Washington (March 9, 2004) -- Federal agencies may have played a role in approving abusive tax shelter leases using federally funded infrastructure assets, according to Sen. Chuck Grassley, Finance Committee chairman, and Sen. Max Baucus, ranking member.

The senators have been investigating how major U.S. companies receive huge tax deductions by pretending to lease the infrastructure of cities and foreign countries, and then pretending to lease them back.

Under this scheme, according to Grassley and Baucus, municipalities are paid an up-front cash fee to enter into a long-term lease of their infrastructure to the tax shelter promoters. The cash received by the municipality, however, pales in comparison to the federal tax benefits received by the corporations, which then are able to depreciate taxpayer-funded bridges, subways, and rail systems as a result of the lease.
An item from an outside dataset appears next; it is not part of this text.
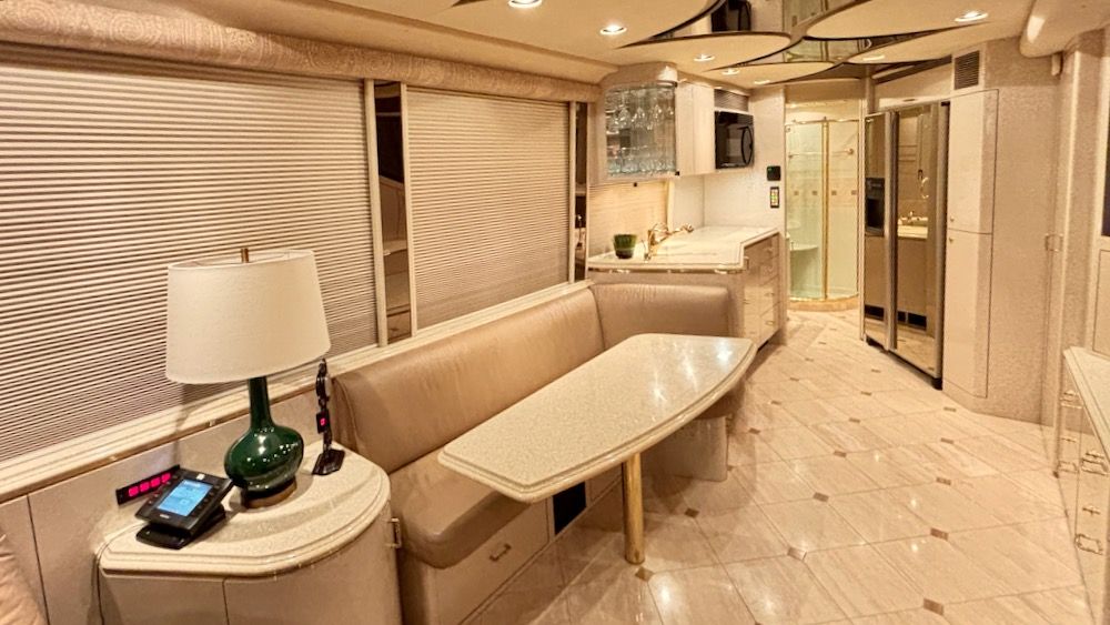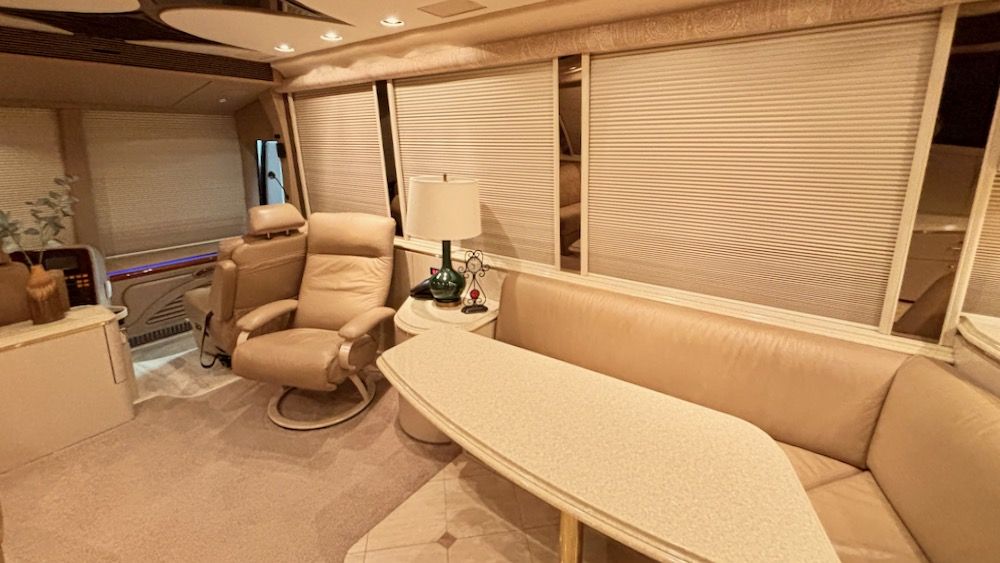 Beautiful, low mileage, garage kept, Prevost Marathon XLII2S. This light and airy, Marathon features an large flat screen TV at the aft end of the slide, lounge dinette, Lafer recliner, dishwasher, stacked W/D and so much more. This wonderful coach includes 4-roof A/C's w/heat pumps, Webasto hydronic heating, 2-4,000 watt Trace inverters, a 20KW turbo genset, 4 roof top awnings, and more! This fantastic coach shows true pride of ownership throughout. Please contact us to learn more about this marvelous Marathon Coach.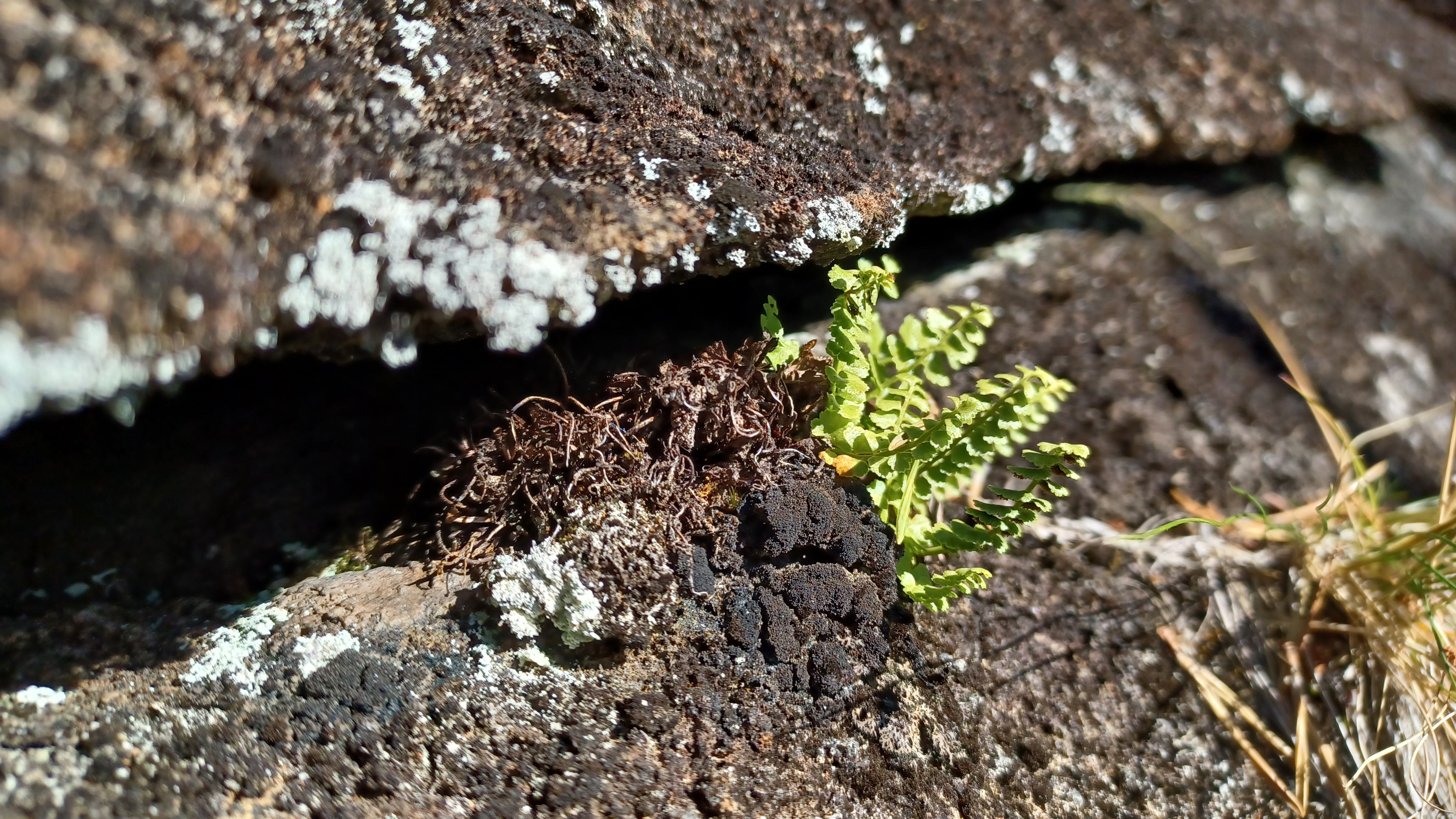Kuvaaja: Essi Lyytinen, paikka Sodankylän Sattasköngäs. Kuvateksti: Serpentiinikallioilla tulee kivilajin lisäksi esiintyä luontotyypille ominaista lajistoa. Kuvassa karstajäkälä ja viherraunioinen.

The senators wrote to the Federal Aviation Administration and the Environmental Protection Agency asking for details of any such deals those agencies may have approved. The letters follow an earlier letter to the Federal Transportation Department.

Grassley and Baucus estimated that such leasing deals cost the federal treasury $2 for every $1 the cities and their agencies receive in fees from the promoters of such arrangements. They urged the leaders of the Senate budget and appropriations committees to remember the impact of this when approving federal funds for city infrastructure needs.